Do law students “drift” away from public-interest career goals during law school? This widely discussed “public interest drift” has been framed as a pervasive and distressing problem both for social justice causes and for the self-realization of aspiring public-interest lawyers. The dominant explanation in the literature suggests that students are converted from public-interest idealists to amoral hired-guns for any cause through an intensive socialization in the Socratic 1L classroom. However, this view has largely drawn on anecdotal evidence and polemical perspectives.
John Bliss, Former CLP Research Fellow and current Assistant Professor at the University of Denver presents the first systematic empirical study of students’ identity-processes and job-path orientations throughout the law school timeline.Drawing on an innovative five-year multi-method qualitative research design consisting of interviews, ethnography, and identity mapping in an elite-school context, Bliss presents evidence that contradicts both fundamental premises of the dominant public-interest drift narrative: that first-year students tend to transition from set public-interest ambitions to set corporate-law ambitions; and that the 1L curriculum re-wires students’ orientations toward professional identity. Instead, Bliss argues that larger shifts in job and identity orientations occur in 2L.

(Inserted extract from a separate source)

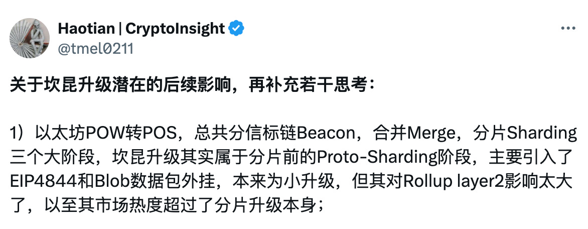 Haotian: 1)以太坊 POW 转 POS,总共分信标链 Beacon,合并 Merge,分片 Sharding 三大阶段。坎昆升级其实属于分片前的 Proto-Sharding 阶段,主要引入了 EIP4844 和 Blob 数据包外挂,本来为小升级,但其对 Rollup layer2 影响太大了,以至其市场热度超过了分片升级本身;
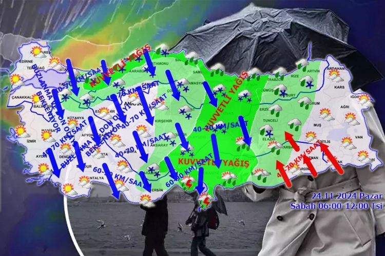 Genellikle karla karışık yağmur ve kar, Orta ve Doğu Karadeniz kıyıları, Güneydoğu Anadolu ile Yalova, Sinop, Iğdır ve Şırnak çevrelerinde yağmur ve sağanak, Doğu Akdeniz kıyıları ile Güneydoğu Anadolu'nun güneyinde yer yer gök gürültülü sağanak yağış şeklinde olması beklenen yağışların, Doğu Akdeniz'in doğusu, Karadeniz kıyıları, Doğu Anadolu'nun batısı ve Güneydoğu Anadolu ile Sakarya, Bolu, Niğde, Kayseri, Sivas, Karaman, Tokat, Gümüşhane, Bayburt, Erzurum, Muş, Bitlis ve Hakkari çevrelerinde yer yer kuvvetli olacağı tahmin ediliyor.

Bliss’ data suggest that the narrative- and identity-work that students undergo during law-firm interviews leads them to reconstitute themselves in alignment with their often negative views of corporate lawyers. This revised socialization timeline suggests that legal education might not forcefully induce a widespread public interest drift. Nevertheless, Bliss’ research argues that these findings point to a sharp critique of the standard 1L curriculum for omitting an education in legal career paths and professional identity.